OpenClovis / SAFplus-Availability-Scalability-Platform

Middleware that provides libraries, GUI, and code generator to design multi-node (clustered) applications that are highly available, redundant, and scalable. Provides sub-second node and application fault detection and failover, and useful application libraries including distributed hash tables (checkpoint), event, logging, and communications. Implements SA-Forum APIs where applicable. Used anywhere reliability is a must -- like telecom, wireless, defense and enterprise computing. Download stable release with installer from: ftp.openclovis.com
www.openclovis.com
GNU General Public License v2.0
19 stars 13 forks source link

clNodeCacheLeaderUpdate should sending the status to all nodes (broadcast) #96

Closed hoangle closed 11 years ago

hoangle commented 11 years ago

From: Andrew Stone stone@openclovis.com Date: Fri, Jul 12, 2013 at 8:57 AM Subject: affirmed update To: hoang le hoang.le@openclovis.com, eng-all eng-all@openclovis.com

Hi Hoang,

Grab my latest checkin on the 6.0 branch and work with that. Also, check your systems for keepalive failures by tailing /var/log/kern.log. I was getting lots of errors with VMs so I increased my TIPC timeouts as shown in the attached dpy.py script.
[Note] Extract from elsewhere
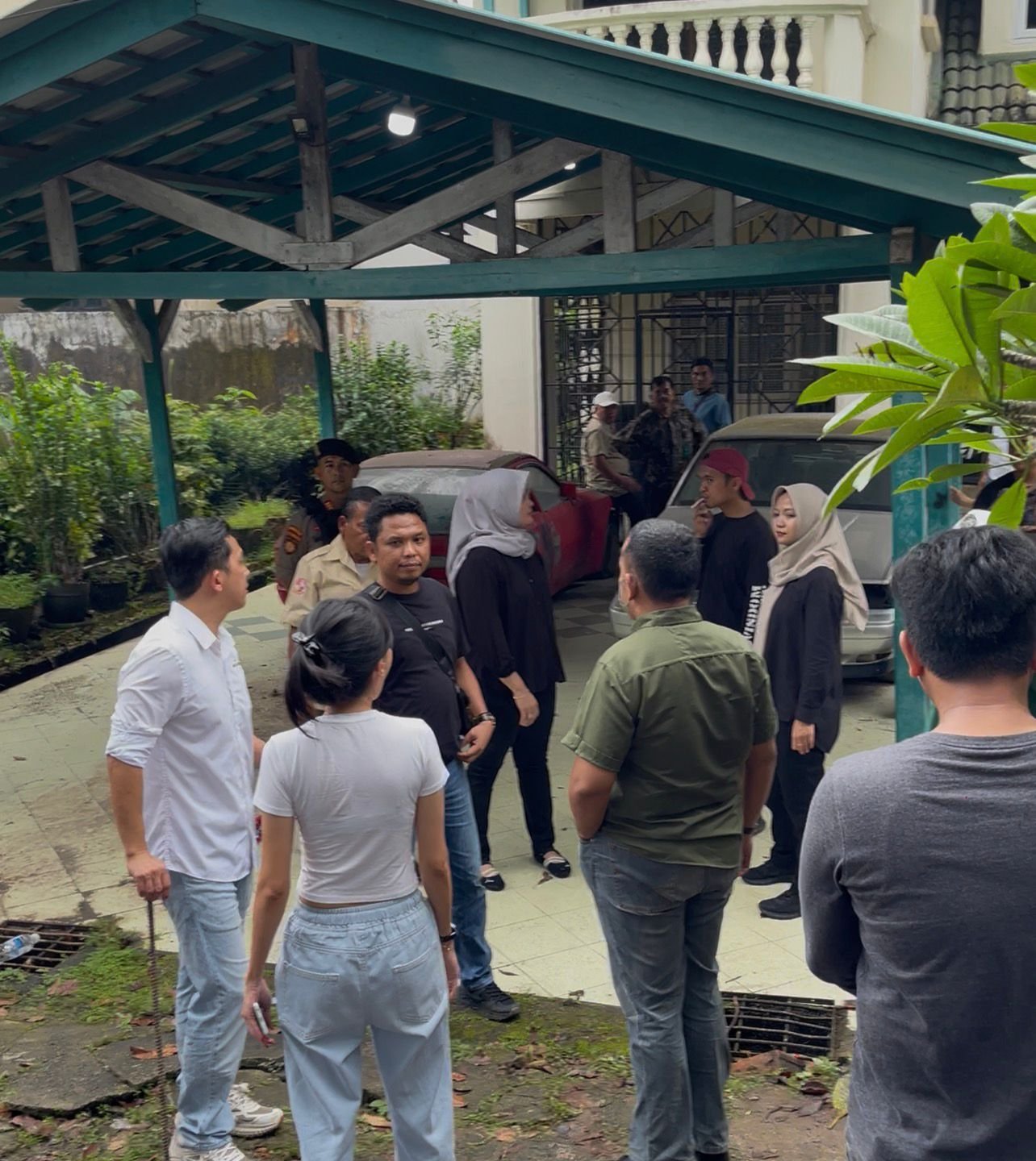 Aparat kepolisian yang berada di lokasi akhirnya melakukan penertiban dan meminta massa menjauh agar proses dapat berjalan sesuai ketentuan. Selain mobil berwarna hitam tersebut, terdapat tiga kendaraan lain yang juga terparkir di area teras rumah.

I also enhanced that to issue the commands simultaneously using threads.

I have your auto-create Node fix commented out for now, because it is hiding the issue of the AMF checkpoint losing data during a failover.

Finally, to close the book on the multi-master issue, I would like the newly elected master to update the node cache on all nodes with its new status.

To do this, I'd like the function: ClRcT clNodeCacheLeaderUpdate(ClIocNodeAddressT currentLeader)

to call something in clIocNotification to send a "gratituous" notification. Can you implement this; I think you have a lot more experience in this area than I do.

Thanks, Andy